En 2024, l’enquête statistique du ministère de la Recherche compte 3 342 utilisations de chiens et 574 de chats dans les laboratoires français. Au titre du médicament vétérinaire : 764 chiens et 147 chats.

Aucune porte de sortie de ce côté-là. Le vaccin sans cruauté n’existe pas, et sauter le rappel pour cette raison revient à faire payer l’addition au chien. Ces actes restent d’ailleurs hors garantie dans la plupart des contrats d’assurance santé animale, sauf forfait prévention.

Les 2 041 157 utilisations de 2024, par espèce

Souris72,4 %

Lapins7,9 %

Poissons7,2 %

Rats6,2 %

Chiens0,16 %

Chats0,03 %

Les cosmétiques vendus en Chine en catégorie « usage spécial »

Une partie du catalogue des grands groupes installés là-bas. Pas tout le catalogue.

Depuis le 1er mai 2021, la Chine dispense de tests sur animaux les cosmétiques ordinaires importés (shampooing, gel douche, rouge à lèvres) quand le fabricant fournit un certificat de bonnes pratiques délivré par son pays d’origine et un rapport d’évaluation de la sécurité. L’exemption s’arrête net à cette porte. Colorations, permanentes, solaires, produits blanchissants, tout ce qui s’adresse aux enfants : catégorie « usage spécial », tests toujours exigés.

Méfie-toi du raccourci qui suit, il traîne partout. Une marque implantée en Chine ne teste pas forcément : elle peut n’y vendre que des références exemptées. Le nom sur le flacon ne tranche rien. C’est la référence qui décide.

Les ingrédients de cosmétiques testés au titre de REACH

Ici, ce sont des molécules qui sont visées. Pas des marques, et ça complique tout.

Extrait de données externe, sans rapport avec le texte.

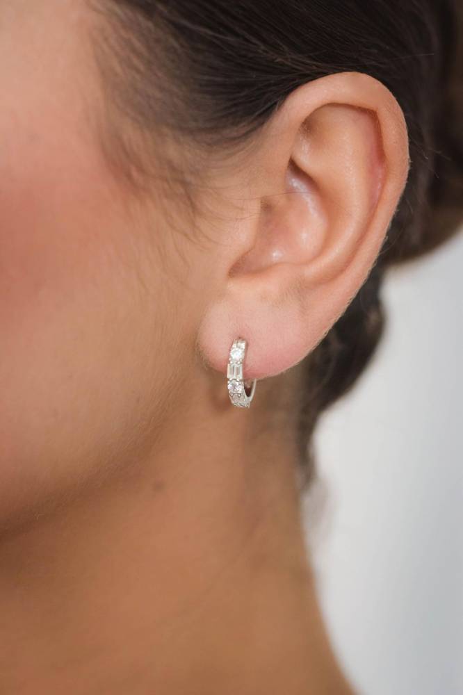 Georgini sterling silver mixed round and baguette cut cubic zirconia small hoop earrings. Diameter approximately 15.16mm.

Le 18 août 2020, la chambre de recours de l’Agence européenne des produits chimiques a confirmé deux décisions obligeant l’allemand Symrise à tester l’homosalate et le salicylate d’éthylhexyle sur des rats, des lapins et des poissons. Ce sont deux filtres solaires, employés uniquement en cosmétique. L’agence a exigé ces tests au titre de REACH, pas du règlement cosmétiques, pour la sécurité des salariés qui manipulent la substance. Le Tribunal de l’Union européenne a rejeté le recours de Symrise en 2023 : les deux textes sont complémentaires, pas contradictoires.

Impossible, en revanche, de désigner un coupable. La substance part ensuite chez des dizaines de formulateurs, et aucun emballage ne dit d’où elle sort.

Les marques certifiées Leaping Bunny, PETA ou One Voice

À regarder si tu veux une garantie qui remonte jusqu’aux fournisseurs d’ingrédients.

Les trois ne pèsent pas pareil. Leaping Bunny fixe une date butoir, remonte la chaîne d’approvisionnement jusqu’aux fabricants d’ingrédients et fait auditer le tout par un tiers. Les listes de PETA reposent sur une déclaration signée par l’entreprise, ce qui couvre beaucoup plus de marques et engage moins. One Voice audite, côté français, un nombre restreint de sociétés. Le détail de ce que chacun contrôle et la façon de vérifier une marque en cinq minutes tiennent dans une autre page.

Aucun des trois ne va sur le terrain de REACH, qui sort de leur périmètre. Le logo au lapin bondissant s’arrête là où l’agence chimique commence.

La mention « non testé sur les animaux » sur un emballage

Celle-là ne sert à rien, et elle est en principe interdite.

Le règlement (UE) n° 655/2013, applicable depuis le 11 juillet 2013, fixe les critères communs auxquels une allégation cosmétique doit répondre. L’un d’eux vise les allégations « qui laissent entendre qu’un produit procure un bénéfice particulier alors que, ce faisant, il satisfait simplement aux prescriptions minimales de la législation ». Elles ne sont pas autorisées. Or ne pas tester est une obligation légale pour tout le monde depuis le 11 mars 2013.

La marque qui l’imprime ne ment pas. Elle te vend juste, au prix fort, une chose que sa concurrente d’en face respecte aussi.